Where Myths Go to Die

August 17, 2020
Joseph Alvarnas, MD

Volume 26, Issue 7
Page Number: SP200

From the Editor-in-Chief, Evidence-Based Oncology, August 2020.

Yes
You have come upon the fabled lands where myths
Go when they die.

— James Fenton
The Pitt-Rivers Museum (1983)

As a medical student, I was struck by the number of times our teachers regaled us with the “Gordian Knot” myth as a paradigm for how we should approach understanding complex patients and seemingly indecipherable clinical data sets. As legend has it, the Gordian Knot was so complex that it was impossible to perceive where one strand began and another ended; thus, it could never be unraveled. The task was considered so great that anyone who could untie the knot was prophesized to become the ruler of a vast portion of the world as it was then known. According to one version of the legend, Alexander the Great considered the knot, and in a stroke of genius pulled out his sword and sliced the knot in half. In doing so he fulfilled the oracle’s prophesy. The lesson of this story, as espoused by my teachers, was that a simple solution frequently existed for most complex healthcare conundrums.

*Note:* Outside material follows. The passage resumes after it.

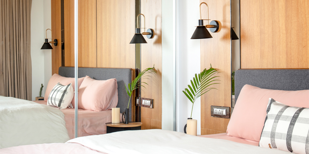 The other guest room also features a Godrej Script ensemble of fabric bed and sleek side tables against a mildly textured grey NGC Nafees wallpaper and unique wall lights.

We now find ourselves in the midst of a golden era of cancer care in which insights gleaned from genomic data and our ability to leverage a growing armamentarium of targeted anti-cancer treatments routinely produce superior survival outcomes with an improved quality of life for many patients. Yet, these advances have come with questions and challenges about how to pay for these treatments, how to deliver them equitably to patients in need, and how to ensure that our systems of care become more patient-centered. Clinical reimbursement systems now repeatedly lag advances in cancer diagnostic and treatment technologies. The cost of some treatments (such as CAR T-cell therapies) have challenged existing payment models from both public and private payers. At the same time, our care portfolio continues to outpace our systems for delivering this care in financially sustainable ways. Rather than empower a path toward sustainable solutions, the naïve believe that a simple approach is possible. This has paralyzed us from coming to terms with the necessary complexity of what it will take to deliver precision medicine solutions to cancer patients in the future. It is time for the mythic “Gordian Knot” approach to the development of more effective and efficient cancer care delivery systems to die.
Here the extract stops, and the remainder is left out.